## Try it
Output exactly the lines below from the one containing "Vierteiliges Set aus" to the last line, both included. Omit pictures.

## Given information

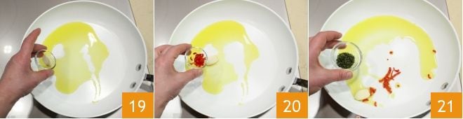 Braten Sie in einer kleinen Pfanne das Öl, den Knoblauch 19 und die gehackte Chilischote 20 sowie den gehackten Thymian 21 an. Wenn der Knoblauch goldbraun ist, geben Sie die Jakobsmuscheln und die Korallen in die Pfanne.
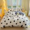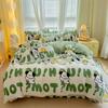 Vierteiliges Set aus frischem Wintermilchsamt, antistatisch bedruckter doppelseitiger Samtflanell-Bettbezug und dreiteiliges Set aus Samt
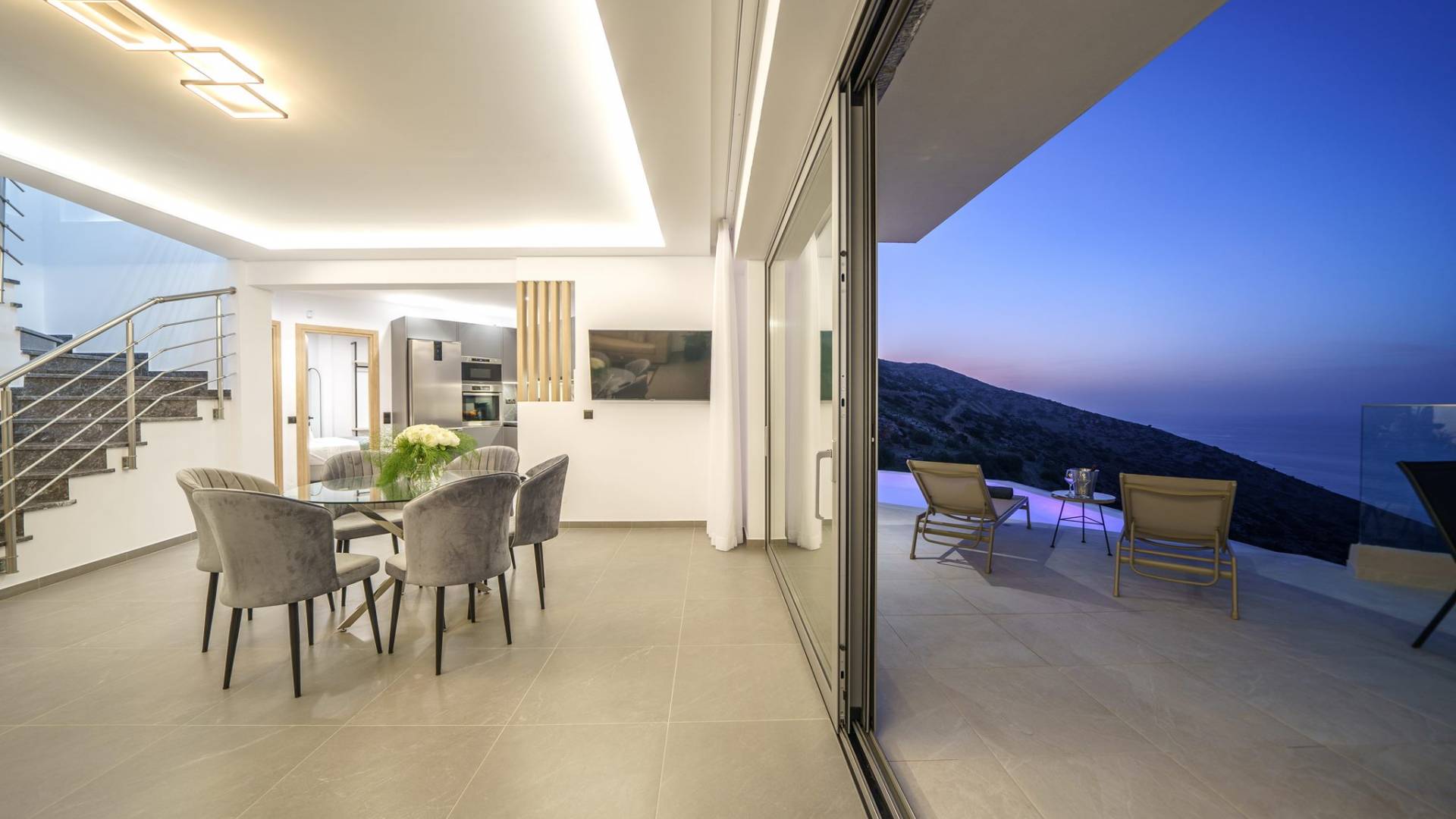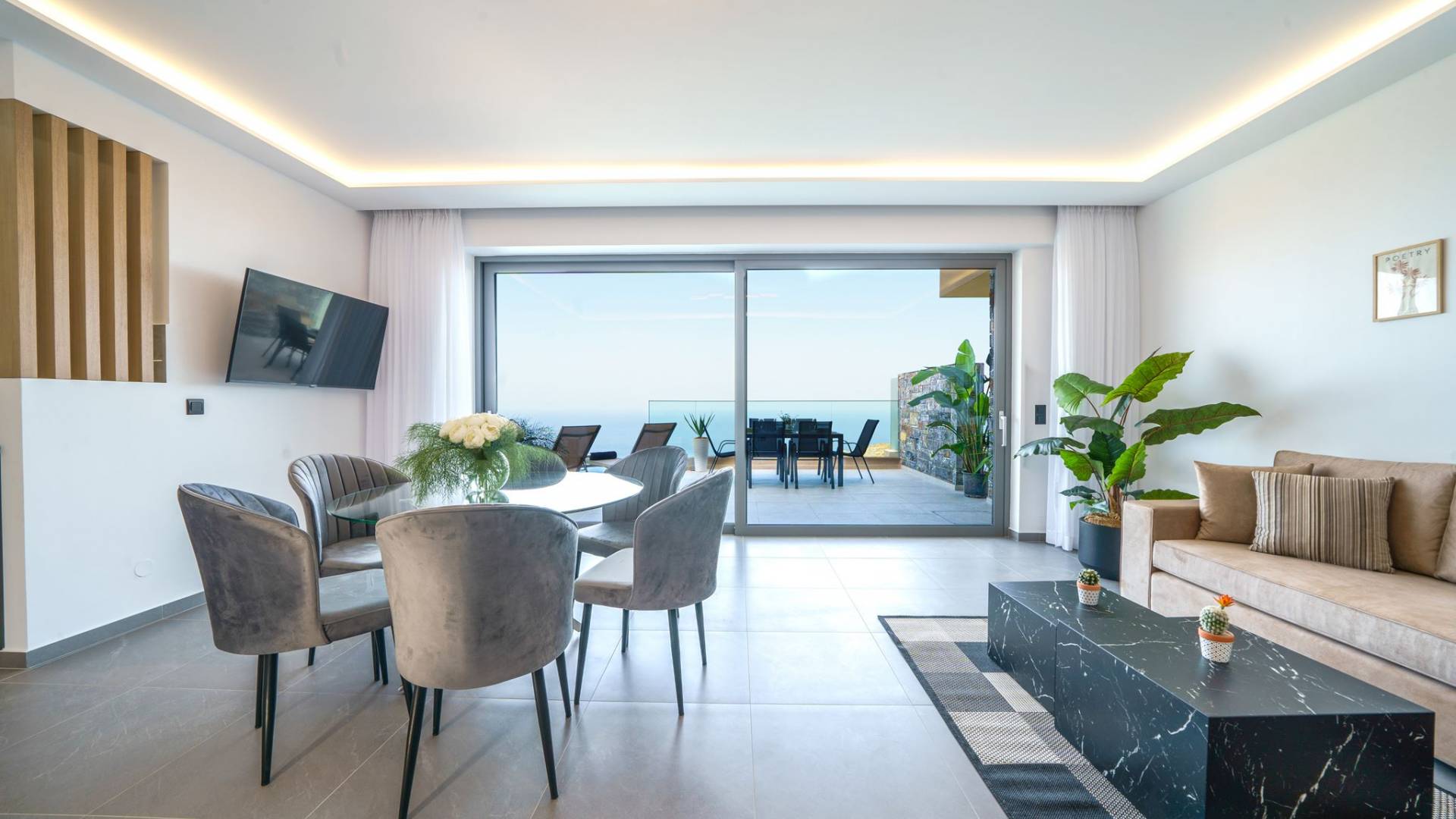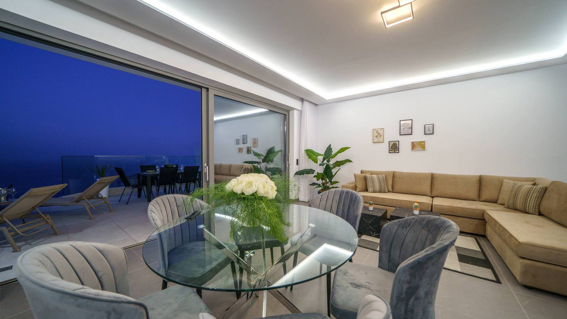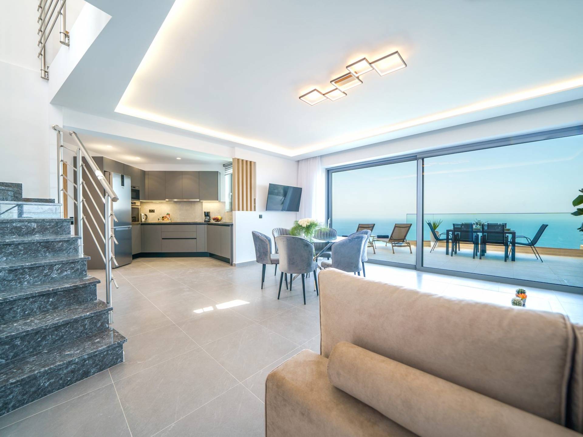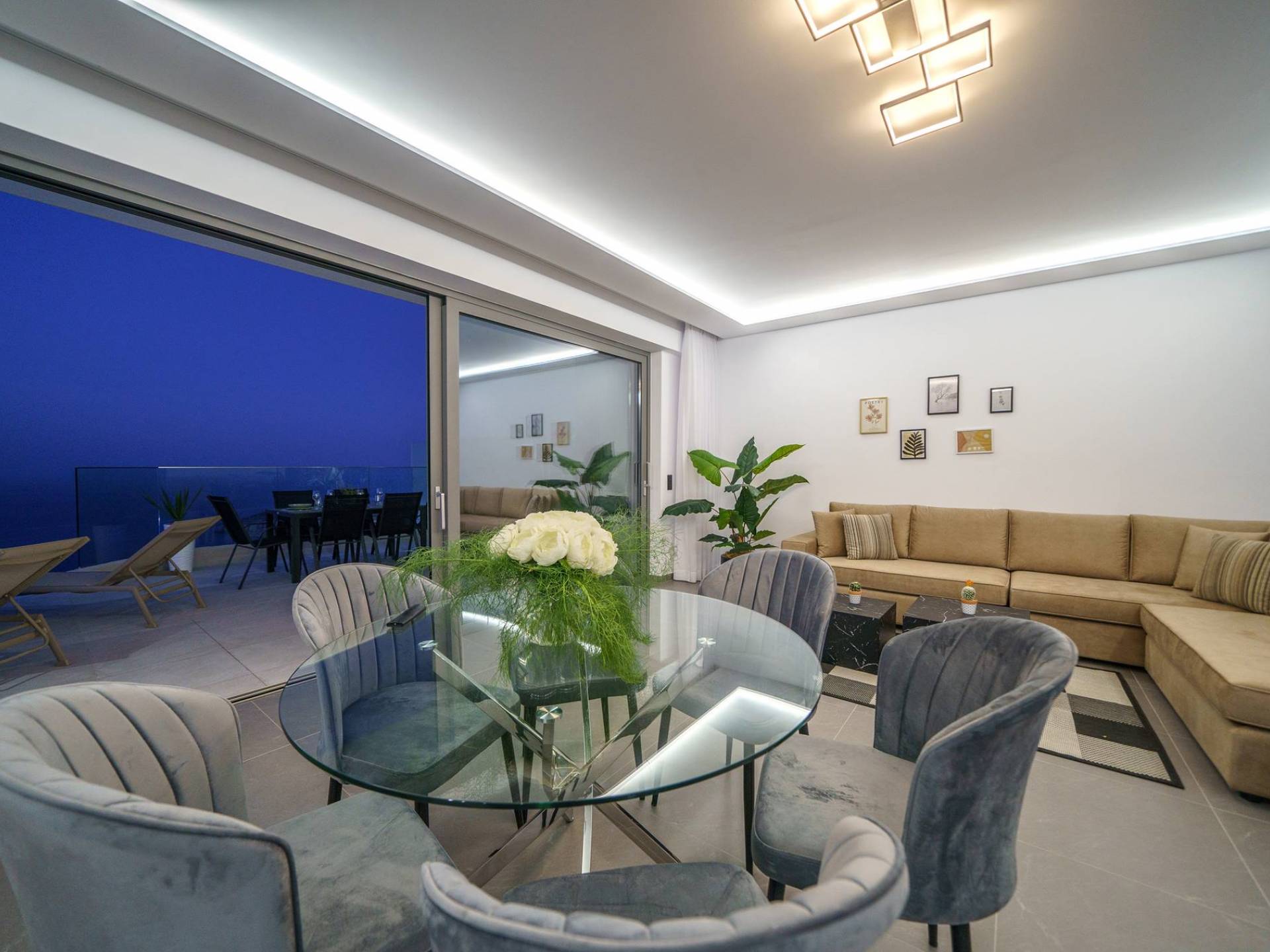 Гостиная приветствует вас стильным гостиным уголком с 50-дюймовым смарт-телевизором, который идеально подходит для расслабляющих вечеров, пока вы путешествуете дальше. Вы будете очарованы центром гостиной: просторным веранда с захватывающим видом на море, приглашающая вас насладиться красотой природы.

## Response for this exercise
 Vierteiliges Set aus frischem Wintermilchsamt, antistatisch bedruckter doppelseitiger Samtflanell-Bettbezug und dreiteiliges Set aus Samt
 Гостиная приветствует вас стильным гостиным уголком с 50-дюймовым смарт-телевизором, который идеально подходит для расслабляющих вечеров, пока вы путешествуете дальше. Вы будете очарованы центром гостиной: просторным веранда с захватывающим видом на море, приглашающая вас насладиться красотой природы.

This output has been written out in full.